Co-modeling the Sequential and Graphical Routes for Peptide Representation Learning

Peptides are formed by the dehydration condensation of multiple amino acids. The primary structure of a peptide can be represented either as an amino acid sequence or as a molecular graph consisting of atoms and chemical bonds. Previous studies have indicated that deep learning routes specific to sequential and graphical peptide forms exhibit comparable performance on downstream tasks. Despite the fact that these models learn representations of the same modality of peptides, we find that they explain their predictions differently.
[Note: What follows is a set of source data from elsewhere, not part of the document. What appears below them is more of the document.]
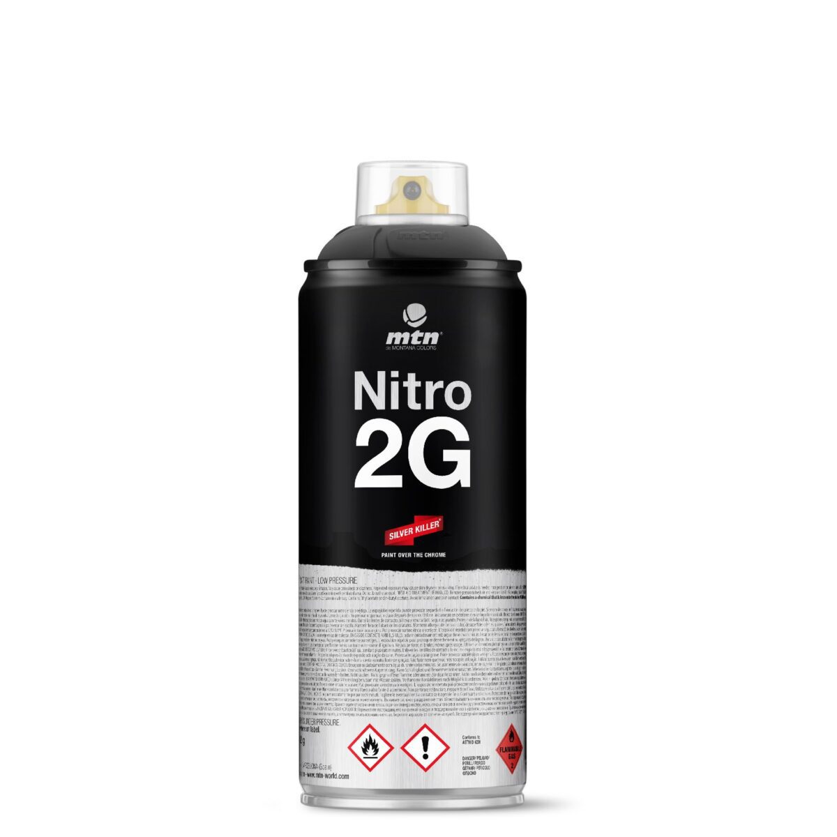 Nitro 2G es una pintura acrílica en aerosol a base de disolvente de excepcional calidad, disponible en negro mate. Está especialmente diseñada para usarse sobre pigmento de aluminio (Silver Killer) y, gracias a sus características, también puede utilizarse como capa de acabado.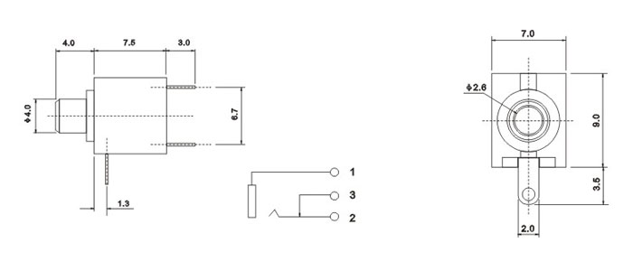 品名:2.5耳機插座 耳機插座技術參數: 1.額定負荷:0.5A 30V DC 2.按觸電阻:100 mΩ max. 3.使用溫度:-20℃~70℃ 4.插拔力:3-20N 5.使用壽命:5,000cycles 耳機插座主要組成部件: 1.塑膠底座 2.磷銅或鈹銅簧片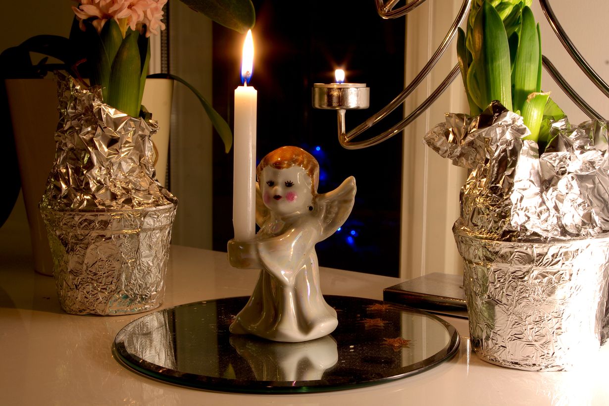 Tämä on vanha lapsuudenkodistani lähtöisin oleva enkeli kynttilänjalka, joka tuo aina lämpimät lapsuusmuistot mieleen. Tämän äitini laittoi aina esille kun joulun odotus alkoi Ja itse jatkan nyt perinnettä oman perheeni kanssa.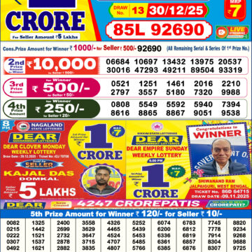 Dear Lottery Result 31.12.25 6PM Today Dear Day Result Share: XFacebookPinterestRedditVKDiggLinkedinMix Related Results 0 11 Dear Lottery Result 30.12.25 6PM Today Dear Day Result 0 18 Dear Lottery Result 29.12.25 6PM Today Dear Day Result 0 23 Dear Lottery Result 28.12.25 6PM Today Dear Day Result 0 33 Dear X-Mas Bumper 27.12.25 6PM Today Dear Day Result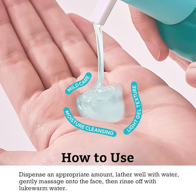 - BOUNCY JELLY TO SOFT FOAM β The cleanser transforms from a bouncy jelly texture to a mild, low pH foam upon contact with water, ensuring a thorough, moisturizing cleanse without leaving skin tight or dry. Gently massage a small amount onto damp skin, creating a soft foam that deeply cleanses pores without stripping the skin. Rinse thoroughly with lukewarm water. Embrace the purity and lightness of facial cleansing with our Gel Cleanser, your gateway to a refreshed and balanced complexion.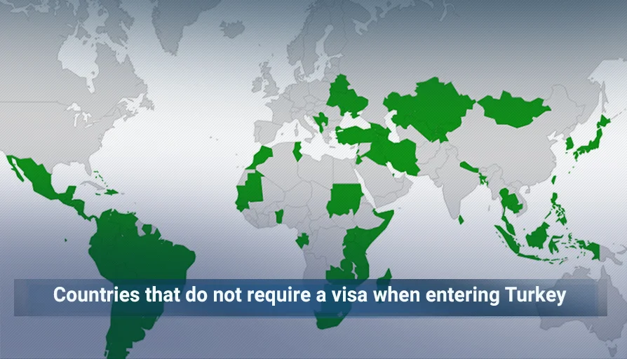What are the foreign countries that do not require a visa when entering Turkey?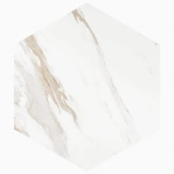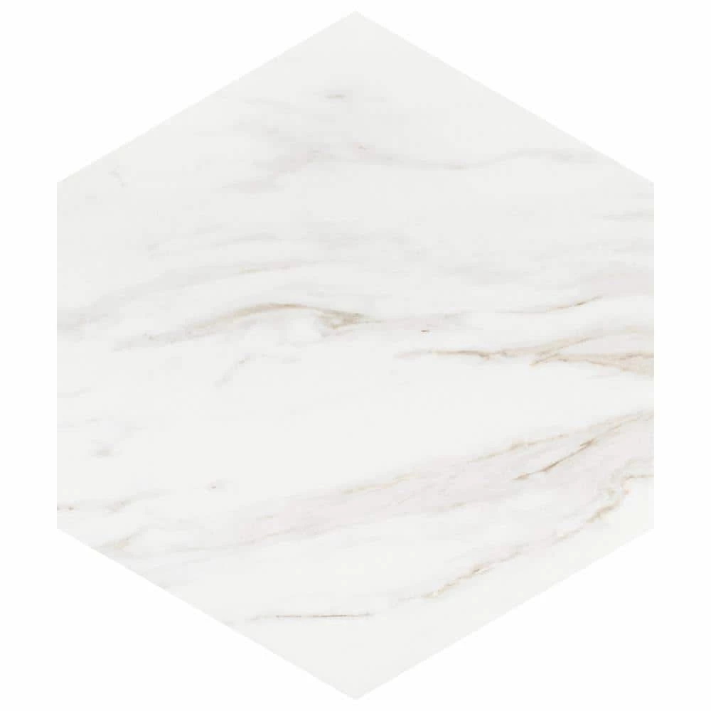 The Merola Tile Eterno Carrara Hex 8-5/8 in. x 9-7/8 in. Porcelain Floor and Wall Tile features a smooth, medium sheen. Meant to capture the appearance of classic Carrara marble, this marbleized porcelain tile offers this timeless look in a durable, easy to maintain option. This hexagonal tile is perfect for any setting, traditional enough for historical renovations or modern enough for new construction. Being impervious to water, these tiles are ideal for backsplashes and even offer frost resistance for some exterior work. Use these alone or mix and match with other products to create your own custom look.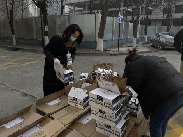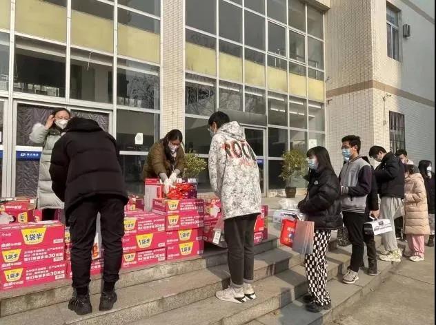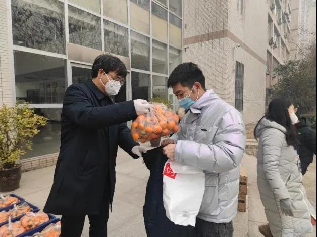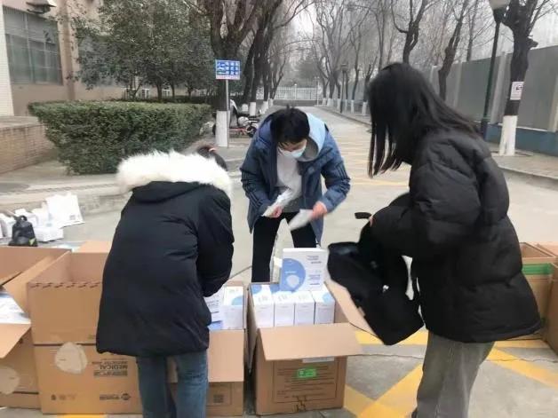 公司党政领导、在校辅导员、员工志愿者为员工分发爱心防疫物资

Considering sequential and graphical models as two experts making inferences from different perspectives, we work on fusing expert knowledge to enrich the learned representations for improving the discriminative performance. To achieve this, we propose a peptide co-modeling method, RepCon, which employs a contrastive learning-based framework to enhance the mutual information of representations from decoupled sequential and graphical end-to-end models. It considers representations from the sequential encoder and the graphical encoder for the same peptide sample as a positive pair and learns to enhance the consistency of representations between positive sample pairs and to repel representations between negative pairs. Empirical studies of RepCon and other co-modeling methods are conducted on open-source discriminative datasets, including aggregation propensity, retention time, antimicrobial peptide prediction, and family classification from Peptide Database. Our results demonstrate the superiority of the co-modeling approach over independent modeling, as well as the superiority of RepCon over other methods under the co-modeling framework. In addition, the attribution on RepCon further corroborates the validity of the approach at the level of model explanation.

翻译：肽是由多个氨基酸通过脱水缩合形成的。肽的一级结构既可以表示为氨基酸序列，也可以表示为包含原子和化学键的分子图。已有研究表明，针对序列形式和图形形式的肽所设计的深度学习路径在下游任务中表现出相近的性能。尽管这些模型学习的是同一模态（肽）的表征，但我们发现它们对预测结果的解释方式存在差异。将序列模型和图形模型视为从不同视角进行推断的两个专家，我们致力于融合专家知识以丰富所学表征，从而提升判别性能。为此，我们提出了一种肽联合建模方法RepCon，该方法采用基于对比学习的框架，增强来自解耦的序列端到端模型和图形端到端模型的表征之间的互信息。它将同一肽样本的序列编码器表征和图形编码器表征视为正样本对，学习增强正样本对之间表征的一致性，同时推开负样本对之间的表征。我们基于开源判别数据集（包括肽数据库中的聚集倾向性、保留时间、抗菌肽预测及家族分类）对RepCon及其他联合建模方法进行了实证研究。结果表明：联合建模方法优于独立建模方法，且在联合建模框架下RepCon优于其他方法。此外，对RepCon的归因分析进一步在模型解释层面验证了该方法的有效性。